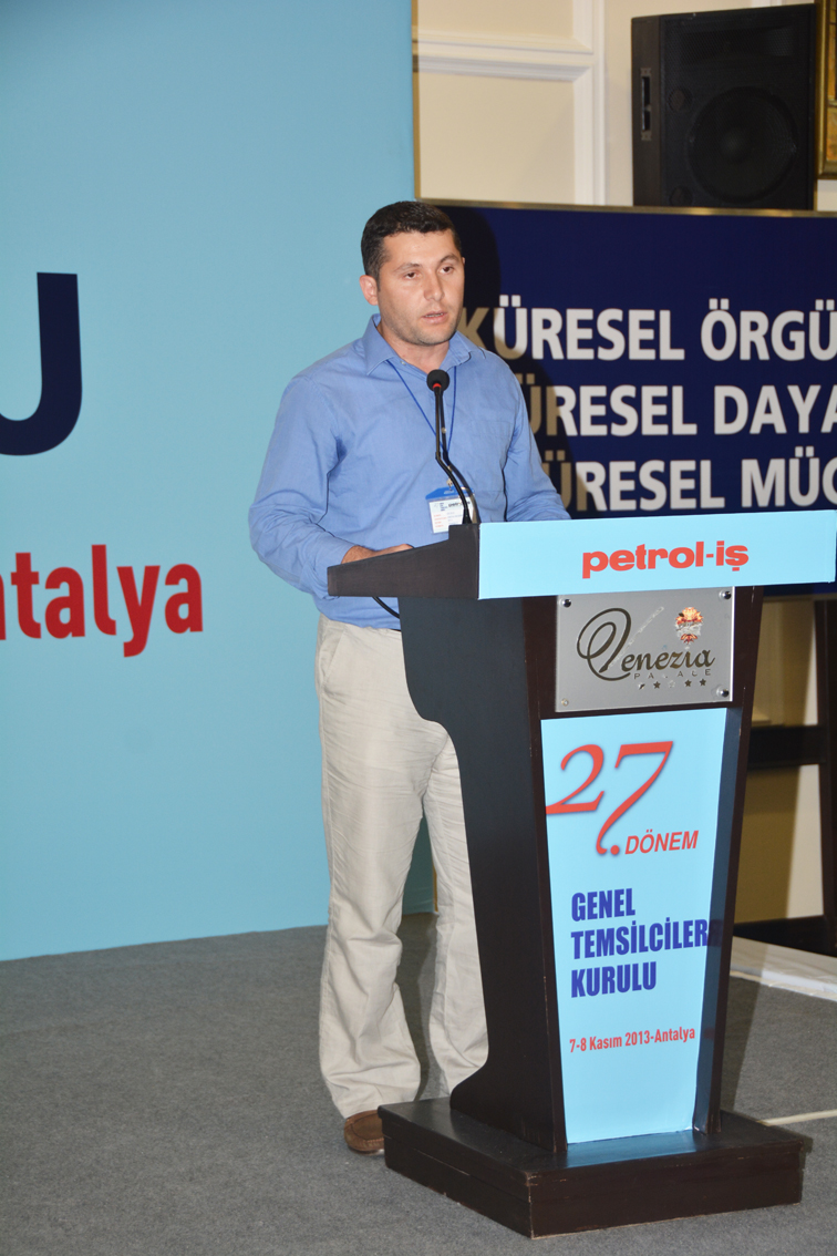 Petrol-İş Sendikası 27. Dönem Genel Temsilciler Kurulu 8 Kasım Cuma günü sona erdi. Temsilciler Kurulu Perşembe günü saat 10.15’de Genel Başkanımız Mustafa Öztaşkın’ın açılış konuşması ile başladı. Aynı gün 16 şubeden önceden belirlenmiş temsilcilerin konuşmalarıyla devam eden temsilciler kurulunun, ikinci gününde e- devlet uygulaması seminerinden sonra eğitim servisi uzmanlarımız sendikadaki eğitimleri anlattılar. İki gün boyunca akşam saatlerinde şube etkinlikleri ile şenlenen temsilciler kurulu, genel başkanımızın kapanış konuşması ile son buldu.
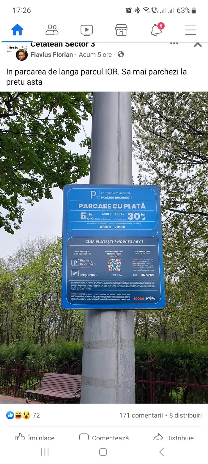 Un cetățean a fotografiat panourile, alături de un comentariu: „În parcarea de lângă Parcul IOR. Să mai parchezi la prețul ăsta”
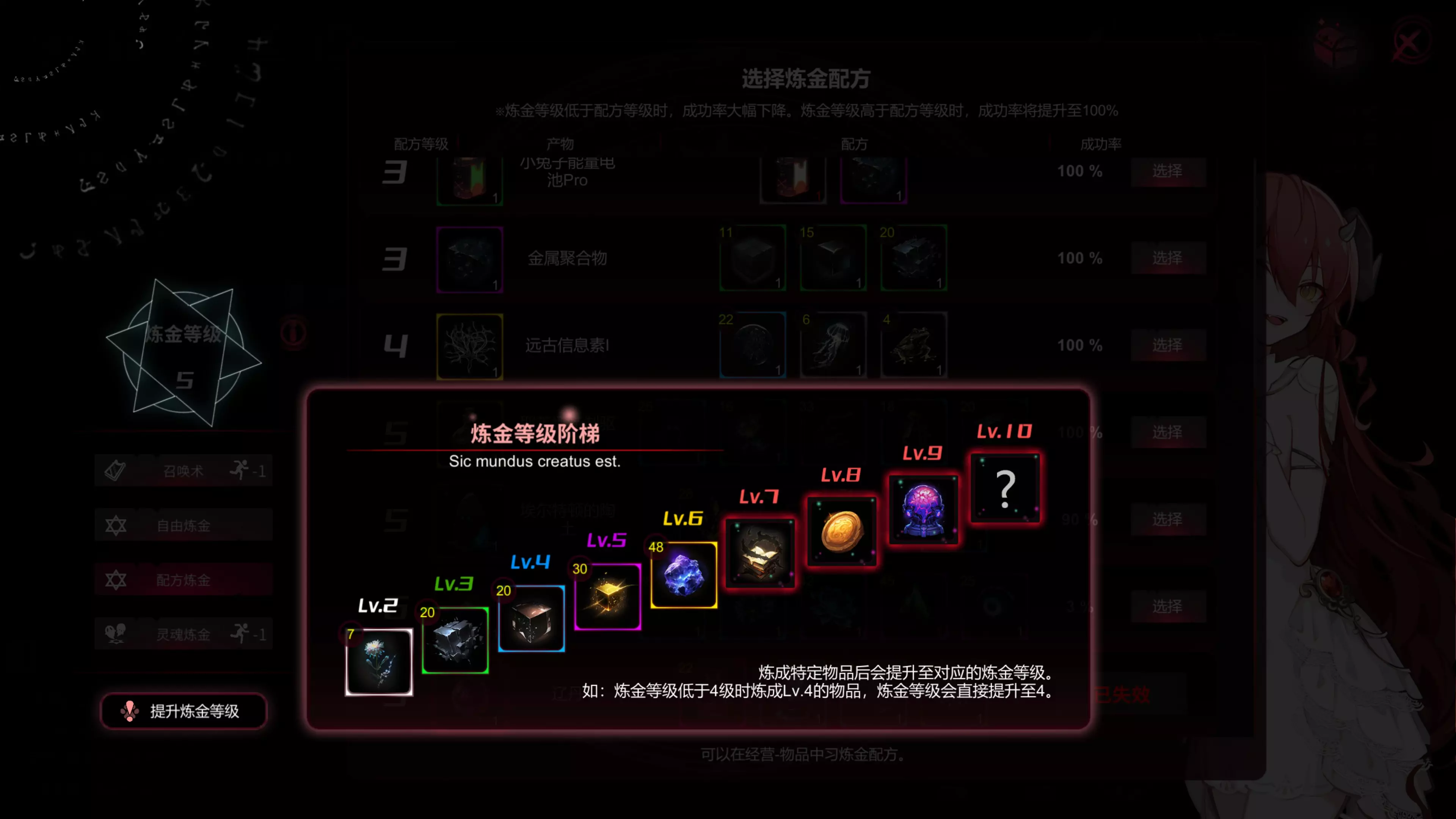 上帝投骰子吗?炼金苦手快到碗里来! 玩法简单说明 会做加法就行。 A+B=C。 本质上炼金就是做数学题,以及概率玄学。 大家都是48,可能你炼出金色传说,他炼出蓝的,呃....运气挺重要。 图鉴不是完全版,随着游戏进度会更新。 更新说明:部分列表附有速成公式,虽然概率感人,但量变会变成质变(呜呜呜).... 炼金等级&神谕&配方 固定配方获取: 1、红龙女士房间升级赠送。 2、主线任务。

Work request -
Please print the entire listing again exactly, minus its images.

Answer below -
 Petrol-İş Sendikası 27. Dönem Genel Temsilciler Kurulu 8 Kasım Cuma günü sona erdi. Temsilciler Kurulu Perşembe günü saat 10.15’de Genel Başkanımız Mustafa Öztaşkın’ın açılış konuşması ile başladı. Aynı gün 16 şubeden önceden belirlenmiş temsilcilerin konuşmalarıyla devam eden temsilciler kurulunun, ikinci gününde e- devlet uygulaması seminerinden sonra eğitim servisi uzmanlarımız sendikadaki eğitimleri anlattılar. İki gün boyunca akşam saatlerinde şube etkinlikleri ile şenlenen temsilciler kurulu, genel başkanımızın kapanış konuşması ile son buldu.
 Un cetățean a fotografiat panourile, alături de un comentariu: „În parcarea de lângă Parcul IOR. Să mai parchezi la prețul ăsta”
 上帝投骰子吗?炼金苦手快到碗里来! 玩法简单说明 会做加法就行。 A+B=C。 本质上炼金就是做数学题,以及概率玄学。 大家都是48,可能你炼出金色传说,他炼出蓝的,呃....运气挺重要。 图鉴不是完全版,随着游戏进度会更新。 更新说明:部分列表附有速成公式,虽然概率感人,但量变会变成质变(呜呜呜).... 炼金等级&神谕&配方 固定配方获取: 1、红龙女士房间升级赠送。 2、主线任务。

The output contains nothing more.